The development of metastases from solid tumours is a complex multistep process involving interactions between different ecosystems (1). One of the critical steps for hematogenous dissemination is the escape of tumour cells into the peripheral circulation. The correlation found between the number of circulating tumour cells (CTCs) and overall survival in metastatic breast, colorectal and prostate cancer supports the hypothesis of a critical role for these CTCs in tumour progression and metastasis (2, 3). Consequently, it is hypothesized that the hematogenous transport phase of CTCs offers an interesting therapeutic window to interrupt the metastatic process resulting in a reduction of disease progression and mortality (4). A specific approach of this strategy is the targeting of cell adhesion molecules expressed on the surface of CTCs. A few in vivo devices have been developed utilizing a vascular shunt continuously screening for CTC via selectin-mediated adhesions (5). This induces the CTCs to adhere and roll over the shunt's internal surface, which is equipped with apoptosis-inducing molecules (5). Another interesting cell adhesion molecule expressed on the surface of CTCs is N-cadherin (6), a key player in the transformation process of multiple solid tumours called epithelial-to-mesenchymal transition (EMT) involved in the dissemination of tumours (7). Consequently, N-cadherin could be an interesting alternative molecule for trapping CTCs. As a first proof-of-concept, the current study investigated whether an antibody targeting N-cadherin facilitates the adhesion and spreading of N-cadherin-positive tumour cells under static conditions. We opted to use melanoma cell lines because the progression from a predominantly E-cadherin phenotype as melanocytes to a predominantly N-cadherin phenotype plays an important role during the transition into melanoma and the acquisition of a vertical growth phase (8).
Materials and Methods
Cell lines. Two human melanoma cell lines, HMB-2 and BLM, were obtained from D. Rutherford (Rayne Institute, St Thomas Hospital, UK) and L. Van Kempen (University of Nijmegen, the Netherlands), respectively. The melanocytic origin of these cell lines has been previously documented by immunocytochemistry (9). HMB-2 cells express N-cadherin, but no P- nor E-cadherin, while BLM cells do not express any of these type I cadherins at all (10). Both cell lines were maintained in Dulbecco's modified Eagle's medium (DMEM) from Invitrogen, (Merelbeke, Belgium), supplemented with 10% heat-inactivated fetal bovine serum (Greiner Bio-One, Wemmel, Belgium), 100 IU/ml penicillin, 100 μg/ml streptomycin, and 2.5 μg/ml amphotericin B. They were incubated in 25 cm2 tissue culture flasks at 37°C in an atmosphere of 10% CO2 in air.

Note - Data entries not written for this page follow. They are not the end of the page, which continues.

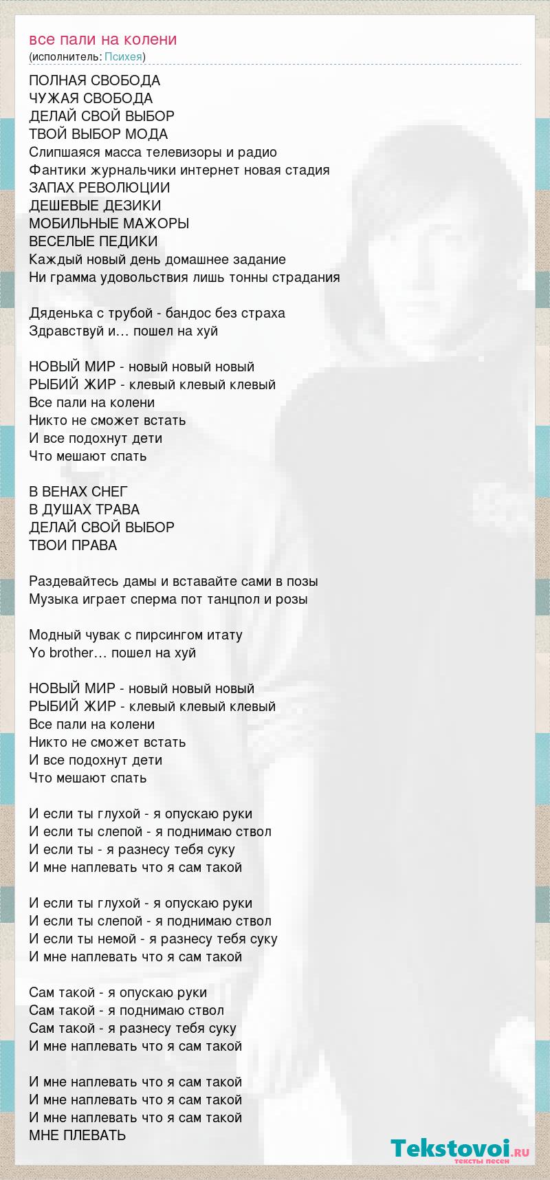 ПОЛНАЯ СВОБОДА ЧУЖАЯ СВОБОДА ДЕЛАЙ СВОЙ ВЫБОР ТВОЙ ВЫБОР МОДА Слипшаяся масса телевизоры и радио Фантики журнальчики интернет новая стадия ЗАПАХ РЕВОЛЮЦИИ ДЕШЕВЫЕ ДЕЗИКИ МОБИЛЬНЫЕ МАЖОРЫ ВЕСЕЛЫЕ ПЕДИКИ Каждый новый день домашнее задание Ни грамма удовольствия лишь тонны страдания Дяденька с трубой - бандос без страха Здравствуй и… пошел на хуй НОВЫЙ МИР - новый новый новый РЫБИЙ ЖИР - клевый клевый клевый Все пали на колени Никто не сможет встать И все подохнут дети Что мешают спать В ВЕНАХ СНЕГ В ДУШАХ ТРАВА ДЕЛАЙ СВОЙ ВЫБОР ТВОИ ПРАВА Раздевайтесь дамы и вставайте сами в позы Музыка играет сперма пот танцпол и розы Модный чувак с пирсингом итату Yo brother… пошел на хуй НОВЫЙ МИР - новый новый новый РЫБИЙ ЖИР - клевый клевый клевый Все пали на колени Никто не сможет встать И все подохнут дети Что мешают спать И если ты глухой - я опускаю руки И если ты слепой - я поднимаю ствол И если ты - я разнесу тебя суку И мне наплевать что я сам такой И если ты глухой - я опускаю руки И если ты слепой - я поднимаю ствол И если ты немой - я разнесу тебя суку И мне наплевать что я сам такой Сам такой - я опускаю руки Сам такой - я поднимаю ствол Сам такой - я разнесу тебя суку И мне наплевать что я сам такой И мне наплевать что я сам такой И мне наплевать что я сам такой И мне наплевать что я сам такой МНЕ ПЛЕВАТЬ
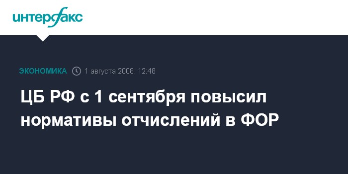 ЦБ РФ с 1 сентября повысил нормативы отчислений в ФОР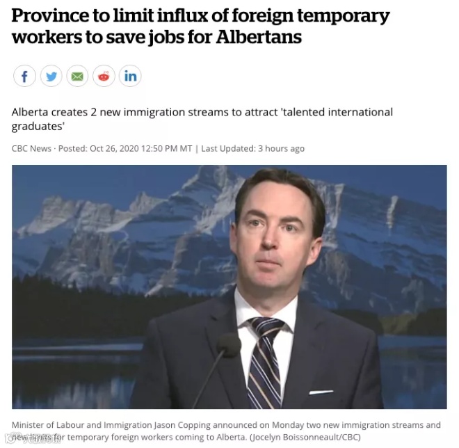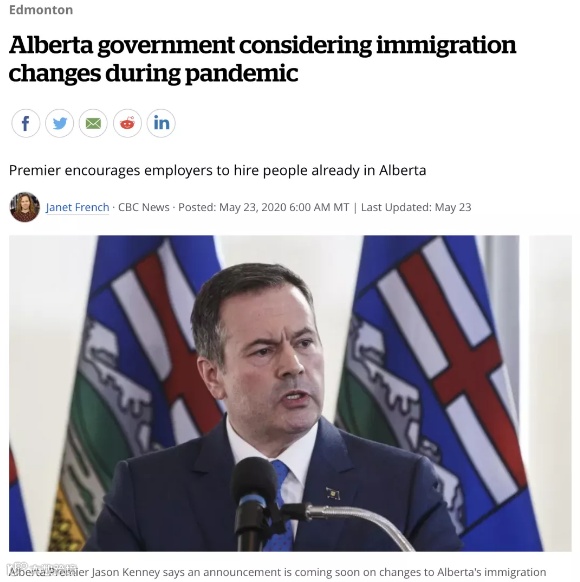 省长Jason Kenney也表示,由于冠状病毒大流行,阿尔伯塔省的移民政策正在发生变化。

Reagents and plastic substrata. GC-4 is murine-purified monoclonal anti-N-cadherin immunoglobulin (C3865 from Sigma, St Louis, MO, USA) that was applied to target N-cadherin on HMB-2 cells. A murine monoclonal antibody to α-tubulin (T5168; from Sigma) was used as a non-relevant control antibody against an intracellular target. Phalloidin-FITC, used to visualize the F-actin cytoskeleton, was purchased from Invitrogen. Protein G-coated 96-well microtiter plates were from Pierce (Rockford, Il, USA).

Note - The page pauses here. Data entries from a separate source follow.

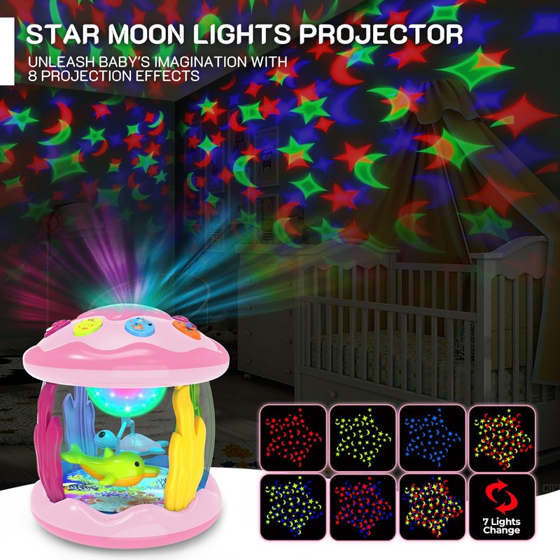 - Explore 360° Rotating Ocean World - Dolphin and turtle rotate 360 degrees like a merry-go-round under gorgeous lights and soft music, creating a wonderful undersea world atmosphere and stimulating toddlers' unlimited imagination. The lovely baby toys for 1 year old project light down onto the ground, and protect your baby's eyes from harm. Soft light disperses the darkness and builds a dreamy night for your baby.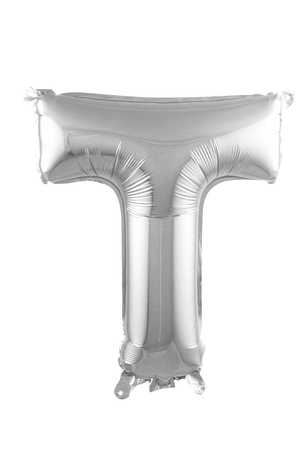 T Harf Gümüş Folyo Balon 16" Inc 36 cm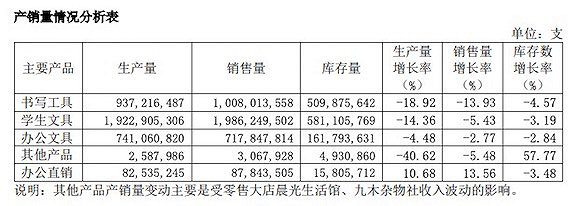 从晨光文具主要产品的产销量情况看,除了办公直销的生产量和销售量分别增长10.68%和13.56%外,书写工具、学生文具、办公文具和其他产品的生产量和销售量均出现了下跌,其中书写工具和学生文具的销量分别下降13.93%和5.43%。晨光文具解释称,其它产品的产销量变动主要是受零售大店晨光生活馆、九木杂物社收入波动的影响。

Spreading experiments. Coating of substrata for cell spreading: Protein G-coated 96-well microtiter plates were rinsed twice with 200 μl sterile phosphate-buffered saline (PBS). Solutions containing 5 μg/ml or 10 μg/ml GC-4 and solutions containing 5 μg or 10 μg α-tubulin antibody as controls (denoted as 5NC and 10NC, respectively) were prepared in sterile PBS. To each well of the microtiter plates 100 μl of one of these 4 antibody solutions was added, and the plates were incubated at 4°C overnight. Next, the antibody solutions were aspirated, the wells were washed three times with 200 μl of sterile PBS and kept in this buffer solution at 4°C until the addition of cells. Seeding of suspended cells: HMB-2 and BLM cells were detached from their tissue culture plastic substrata as follows. After rinsing the cells twice with Moscona's solution, they were incubated with 1 ml trypsin-calcium at 37°C in an atmosphere of 10% CO2 in air for 2 to 5 min. Trypsin (0.01% w/v) – calcium (0.04 mM) was used for the preservation of the ectodomains of cadherins and integrins. The cells were then suspended in 5 mL of fresh DMEM, and counted with a Bürker chamber. After aspiration of PBS from the plates, 1×104 cells in 100 μl were added to each coated well.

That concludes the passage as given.